Au fond, la CGT est encore la centrale syndicale de la génération singulière(4) de la grande usine, née dans l’entre-deux-guerres. Elle peine à analyser la société des « trente glorieuses », d’autant plus que la décennie 55-65 a été largement dominée par la théorie de la « paupérisation absolue » que le PCF a fait avaler à la CGT. Cette intériorisation d’une sorte de loi d’airain du niveau de vie ouvrier contribue d’ailleurs sans doute encore davantage qu’à l’accoutumée à focaliser les analyses et les revendications sur le thème de la rémunération, qui n’est plus forcément le seul problème prioritaire aux yeux des salariés des “trente glorieuses”. Alors que “la revendication salariale représente, pour la CGT, le principe de l’action syndicale, c’est-à-dire son commencement et son fondement(5)”, l’horizon de la “société salariale”, au fur et à mesure qu’il s’approfondit, rend la question de la rétribution directe un peu moins pressante, en tout cas moins omniprésente dans l’esprit du monde ouvrier et salarié. Par exemple, la durée du travail, au travers notamment de l’abaissement de l’âge de la retraite, focalise de plus en plus l’attention, se fait plus présente dans les grèves(6). Le mouvement social communiste ne se désintéresse certes pas de ces problèmes. Mais il demeure ancré à des griefs qui, s’ils correspondent sans doute à l’état d’esprit de la génération du Front populaire dont il est le catalyseur, ne sont plus les seuls à intéresser la génération des “trente glorieuses”, celle des jeunes OS, des femmes, des néo-urbains, des immigrés ou, surtout, des salariés du tertiaire en expansion. L’enquête sur l’ouvrier français en 1970 montre par exemple qu’une “hausse des salaires respectant l’éventail actuel” des rémunérations, réclamée par la CGT, n’est pas jugée prioritaire. Et la moins urgente des revendications selon les ouvriers interrogés, celle de la nationalisation des grands secteurs de production, constitue l’un des piliers du programme d’action de la CGT(7).
La confédération cégétiste reproduit des orientations et un discours revendicatifs qui s’appuient sur les valeurs de la “génération singulière”. Celle-ci parvient certes à les transmettre à une partie de la jeunesse ouvrière, comme en témoigne le renouvellement militant de la CGT et du PCF après 1968, dont l’audience glisse vers des catégories plus jeunes(8). Mais ces valeurs paraissent moins correspondre aux aspirations des couches nouvelles d’ouvriers et de salariés, qui se rassemblent alors plus aisément, par exemple, au sein de la CFDT(9). On pourrait en vouloir pour illustration le déclin électoral de la CGT qui, entre 1966/1967 et 1978/1979, ne cesse de reculer aux élections aux Comités d’entreprise : elle passe, globalement, de 48,8 % à 36,8 %(10), et tombe, dans le collège ouvriers-employés, de 55,8 % à 42,9 %(11). Il semble bien, comme l’écrit Gérard Noiriel, que “l’adéquation entre une génération, une organisation et une série d’événements fondateurs ayant profondément marqués la mémoire collective, qui avait favorisé l’unification des représentations politiques et la mobilisation du groupe derrière le parti communiste, n’a pas joué pour la génération suivante(12)”.

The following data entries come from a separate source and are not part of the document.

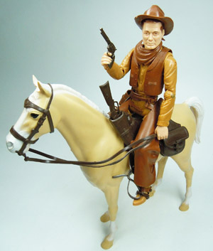 Marx realized they would need to take a different spin if they were truly going to put a dent in the action figure market. Marx went after TV show themes. One of the firsts was the figure "Daniel Boone" which was a tie in to the TV series. The head mold carried a Fess Parker look, the body was molded in caramel tan and the accessory packs were molded in chocolate brown hard poly-plastic and brown/fudge colored soft vinyl. This figure also did not have articulating legs. To my, and many other collector's knowledge they made no other versions of Daniel Boone with full articulation. To further branch into these TV themes, i.e. Wild Wild West, Gunsmoke, Bonanza etc, Marx entered into the western world. Marx went full force into production, building a 12" cowboy action figure named "Johnny West" with complete articulation. They quickly used the pre-existing Stony Smith head mold, and tooled a cowboy body to go with it. This marked the beginning to "The Best Of The West". They originally were also going to produce a figure called "James West" based on the character in "Wild Wild West", but for reasons unclear to me they pulled the idea. The "Robert Conrad" head mold and James West Body would prove to be useful in future Marx character molds, (i.e. Captain Maddox, Cowboy Kid and Jimmy West for the head, Sam Cobra and Sheriff Goode for the body). After all that tooling and mold making, surely Louis Marx Inc. could not let it go to waste. Another figure pulled from production was Jesse James also based from a TV show. Several dealers / collectors have told me it was also never produced for resale, until re-used for other character molds, (i.e. Bill Buck and Sheriff Garrett for the body, and Zeb Zachary, and Jimmy West for the head). It is interesting to add, since this book published, A new figure was developed by Noah and terri Coop at CXR. The mold was derived from a test shot jesse that surfaced on the internet. Also in 1965 along with Johnny, an Indian "Chief Cherokee", and a western range horse "Thunderbolt" were produced. Thunderbolts came complete with 15 pieces of tack, and started a Palomino colored. All horses were molded in Hard Plastic (HP). Horse packaging and accessories will be covered in more detail in the illustration guide. The "Chief", like Johnny, had full articulation. First issue figures had initial packaging with an artist drawn lithographed photo with "Action Cowboy, or Action Indian" titles. First issue Chief Cherokees and Johnny's had straight hands verses the standard curved hands Marx went to after a short production cycle. Also quickly changed was the word "Action" which was replaced by "Movable". One note on lithographed 1st issue style boxes is some versions had Registered markings while others had TM (trademark) stamps. In my opinion these boxes are basically the same but I wanted to point out that technical difference for those of you who want "every" style. Johnny West had a combination of brown soft vinyl and hard poly-plastic old west accessories. The Chief had a mixture of brown soft vinyl and hard poly-plastic Indian accessories. These figures played a key role in the accessory packs and future character molds used. Future figures I mention include the same accessory molds as Johnny and the Chief, with the exception of some figure variations and color differences. In 1966 a cowgirl was added, her name was Jane West. Jane had two head variations, the first being a tough looking cowgirl, with a more rounded head. This version was only produced a short time, about a year. Marx changed the first issue head into a more "Barbie" slender looking face and hairstyle in 1967. The first variation seems to be more desirable due to it being a little less common. Jane's initial vinyl line of female accessories were mustard colored, to eventually a cream colored soft vinyl. She had the same hard poly-plastic pieces as Johnny West. Jane's first box is known today as the 1st issue "Varga" box by many. Eventually Jane was joined by "Flame" the brown or palomino colored non-jointed "trotting" position horse. Other figures and accessories added to the Johnny West line include animals, more horses, and kids! Three other types of horses were added. These include brown or black Thunderbolt(s), brown or palomino Thundercolt (s), and a Storm Cloud Pinto (usually sold with Indian figures). I have mainly seen Storm Clouds that were brown with white spots and a black tail. Some literature shows a white w/ black spotted Pinto as well. Very few people claim to have this piece. I have seen the white molded version in pictures but not in my actual hands. I did run across another unusual Storm Cloud version. It was reddish or chestnut horse with white spots, but many believe it to be unintentional by Marx. This version of Storm Cloud appears to be a horse intended for the Covered Wagon or Bravo the Knight's horse and perhaps used in error. A final large horse added was Buckskin. He was available in brown or palomino. This horse had fixed legs but articulation in the head and neck. It was further used in another series, (The Vikings and MOD Knights) that I will be discussing later. Buckskins are quite collectible today. All large-scale horses had either brown or black tack, the black being the most HTF. Marx also added kids to the Western scene. These include two boys Jay and Jamie west, two girls Josie and Janice West, and a Pancho pony for the kids. The boys each had the same male cowkid accessory packs made with all soft fudge vinyl pieces. The girls likewise had the same girl cowkid accessory packs molded all in cream soft vinyl. The Pancho ponies were made for the kids and came in palomino or chestnut color. They had a different set of tack than the large horses with only eight pieces, which were in fudge brown black or light caramel molded colors. Also added were a wild buffalo made of HP, two dogs Flick (shepherd) and Flack (Setter) both made of (HP), brown or palomino Thundercolts, a 
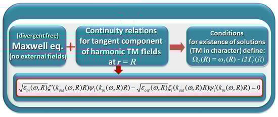 The dispersion relation (Equation (1)) results from the continuity relations at the sphere boundary imposed on the solutions of the self-consistent, divergent-free Maxwell equations in the absence of the incoming light field [47] (recollected in [48]), according to the scheme presented in Figure 2. The solutions exist only for the complex, discrete eigenvalues (In our previous papers (see e.g., [15] and references therein) we have used for denoting the imaginary part of the complex eigenvalues. Such a choice has been motivated by connecting to the Lorentzian profile of LSP resonances manifesting in the spectra in the case of small damping () for the normalized profile such that the central intensity of the mode l . In such a case, the Lorentzian profile with denoting the full width at half maximum (FWHM) of the profile [50]). Calculated for successive radii R, it allows us to find the radius-dependent oscillation dynamics of the mode l of the surface localized harmonic EM field allowed at the interface:
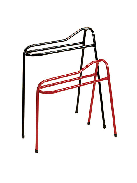 Used by shops for displaying saddles, and riders for saddle storage in the tack room. Lightweight STUBBYFINE coated steel construction - ever popular. Red or Black.
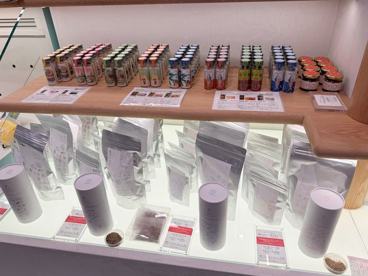 本店にはだしの歴史や素材、料理レシピ、調理器具などを紹介した展示がありましたが、京都駅店の商品棚にも、だし素材が展示されていました。手に取ってもよいそうなので、ぜひあわせてチェックしてみてくださいね。
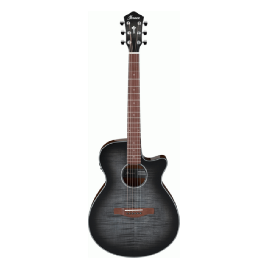 The Ibanez AEG70 TCH Electric Guitar in Transparent Charcoal Burst High Gloss - The AEG Series' slender, single-cutaway bodies deliver powerful and balanced acoustic sound, unplugged or through an amp or PA system. These guitars combine easy playability, classic solid and sunburst finishes, and intuitive electronics to create a quality, workhorse acoustic guitar that will rise to any occasion. High quality Ibanez under-saddle pickups and Ibanez preamps with onboard tuners provide sparkling tones that sound great in any environment.

C’est sans doute pourquoi Georges Séguy lance, après Mai 68, un processus de réflexion de la CGT sur elle-même(13). Mais cette volonté de renouvellement peine à trouver une traduction concrète.
Mai 68 : le syndicalisme face aux contradictions de son troisième âge
Il paraît fructueux d’analyser Mai 68 comme un moment clé de lecture des conséquences de l’institutionnalisation du syndicalisme. C’est à la fois son parachèvement et les prémices de la fin d’un cycle qui annonce l’ouverture prochaine d’une phase de transition trentenaire :
- 68 marque l’achèvement de l’institutionnalisation, processus qui comprend trois grands piliers. 1884 : la loi autorise la constitution de syndicats professionnels ; 1946 : le préambule de la constitution fait de la grève et du droit de se syndiquer des droits constitutionnels ; la loi du 27 décembre 1968 légalise la section syndicale d’entreprise.

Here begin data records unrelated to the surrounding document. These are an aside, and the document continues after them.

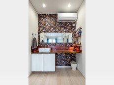 華やかな壁紙と落ち着いた木目が調和した、個性あふれる洗面空間
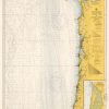 This coastal survey was printed by the U.S. Navy Hydrographic Office in Washington D.C. Details include the names of cities and waterways along the coast. Depth soundings are shown in fathoms. Other details that maybe included are lighthouses and buoy positions.
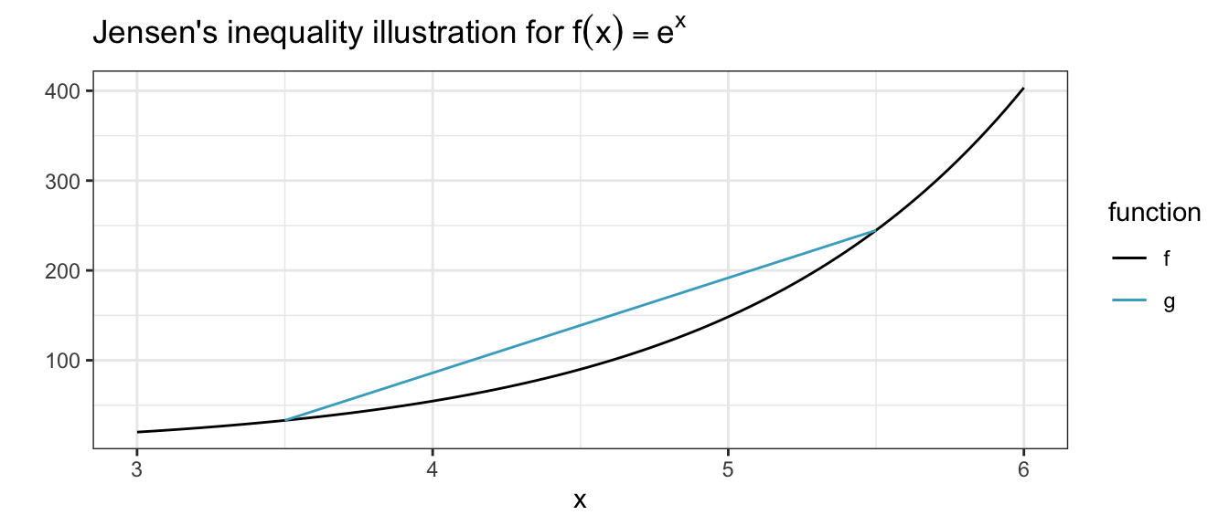 \[ f(\alpha x + (1 - \alpha) y) \leq \alpha f(x) + (1-\alpha) f(y), \ \ \alpha \in [0, 1] \]
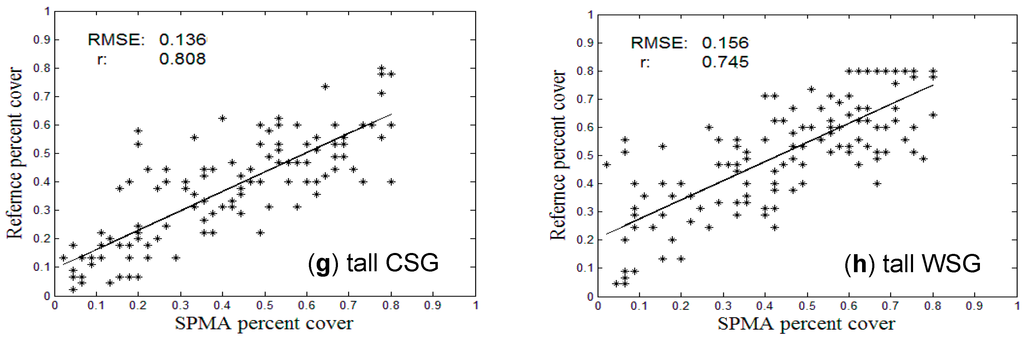 When percent covers at all validation samples were considered (Figure 6), the Pearson’s correlation coefficients (r) in the scatterplots ranged from 0.706 to 0.860 for these crops, suggesting fair agreement between the SPMA-extracted and CDL-summarized percent covers. The relationships were statistically significant (p < 0.001) under the Student’s t test (degree of freedom = 149 for corn, soybeans, and tall grasses, and 49 for other crops). Table 2 also lists the Student’s t values of the test for all crops. Although all tests were significant, perennial crops had smaller t values than annual crops, which may be attributed to the uncertainties when their samples were extracted from the coarse-resolution grass abundance maps [15]. For annual crops (Figure 6(a–d)), the SPMA could effectively extract their percent covers in the lower end. In the higher end, however, the SPMA results turned out to be overestimated, because other crops (e.g., alfalfa, sorghum) and small plots of non-crop land covers were not considered in this study. For this reason, the correlation line was lower than the diagonal line in each plot. For perennial crops (Figure 6(e–h)), the references were from the ranked grass cover maps extracted from the MODIS time series. The points were more scattered in their scatterplots, but the RMSE reached similar values to those of annual crops.

- 68 voit les prémices d’une fin de cycle en dévoilant crûment les contradictions de l’institutionnalisation (résumées brutalement par le fameux dessin Siné dans L’Enragé : « La chienlit non, la CGT oui »…).
- Une phase de transition s’ouvre à la fin de la décennie 70, car 68 est aussi le révélateur de changements économiques, politiques et sociaux profonds qui se cristallisent dans les 10-15 ans qui suivent.
Le mouvement syndical, alors dans son troisième âge, s’apprête à entamer un quatrième temps de son histoire. Ces différents âges peuvent être ainsi brièvement caractérisés(14) :
- 1er âge : de la Révolution française à la fin du XIXe siècle. C’est l’époque où le syndicalisme est un fait coupable progressivement toléré. La Révolution française (Loi Le Chapelier de 1791) et le Premier Empire offrent l’arsenal juridique permettant d’étouffer les velléités de contestation collective. Les premières chambres syndicales tolérées naissent au début des années 1860, sous le Second Empire finissant. Elles sont à forte tonalité communautaire, organisées à partir du métier. La solidarité interprofessionnelle est quasi-inexistante. Seule compte l’entraide entre compagnons de la même spécialité, voire de la même localité. L’horizon s’arrête là, sauf par exemple pour quelques minorités agissantes qui se reconnaissent dans l’Association Internationale des Travailleurs. Cela se passe en un temps où les ouvriers sont maintenus en marge du progrès, constituant encore un corps étranger en construction, étroitement surveillé et contrôlé. Mais déjà se profilent deux dimensions constitutives de notre syndicalisme qui occupent une grande partie des débats du 1er congrès ouvrier tenu en 1876 : la méfiance à l’égard de l’Etat et la volonté d’autonomie vis-à-vis des partis politiques.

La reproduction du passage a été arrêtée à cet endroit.